* _Goal of the exercise_
In the entries below, find the line with "As the system" and print exactly every line from there up to and including the line with "Y SUBIÓ Moisés", with no other lines.

* _Available data_
%%
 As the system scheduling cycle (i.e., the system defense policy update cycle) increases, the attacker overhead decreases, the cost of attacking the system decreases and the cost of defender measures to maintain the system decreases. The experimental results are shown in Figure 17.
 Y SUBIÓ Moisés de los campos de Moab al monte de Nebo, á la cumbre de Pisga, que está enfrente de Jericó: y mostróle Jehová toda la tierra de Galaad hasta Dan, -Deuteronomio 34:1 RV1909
%%
%%
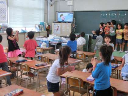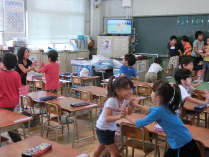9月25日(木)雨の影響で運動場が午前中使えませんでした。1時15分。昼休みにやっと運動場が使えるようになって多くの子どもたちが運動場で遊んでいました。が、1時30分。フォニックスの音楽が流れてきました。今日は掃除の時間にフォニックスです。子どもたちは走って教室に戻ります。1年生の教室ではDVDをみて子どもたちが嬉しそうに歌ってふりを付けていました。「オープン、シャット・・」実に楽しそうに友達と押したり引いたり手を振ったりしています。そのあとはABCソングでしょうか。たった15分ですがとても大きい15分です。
%%
%%
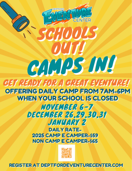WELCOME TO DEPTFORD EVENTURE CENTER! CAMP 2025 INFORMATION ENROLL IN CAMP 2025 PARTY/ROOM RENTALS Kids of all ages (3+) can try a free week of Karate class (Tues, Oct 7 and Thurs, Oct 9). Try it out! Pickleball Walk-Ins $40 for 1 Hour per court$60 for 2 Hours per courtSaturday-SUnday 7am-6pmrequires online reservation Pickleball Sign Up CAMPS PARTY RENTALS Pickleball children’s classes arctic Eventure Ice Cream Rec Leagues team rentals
%%
* _Response_
 As the system scheduling cycle (i.e., the system defense policy update cycle) increases, the attacker overhead decreases, the cost of attacking the system decreases and the cost of defender measures to maintain the system decreases. The experimental results are shown in Figure 17.
 Y SUBIÓ Moisés de los campos de Moab al monte de Nebo, á la cumbre de Pisga, que está enfrente de Jericó: y mostróle Jehová toda la tierra de Galaad hasta Dan, -Deuteronomio 34:1 RV1909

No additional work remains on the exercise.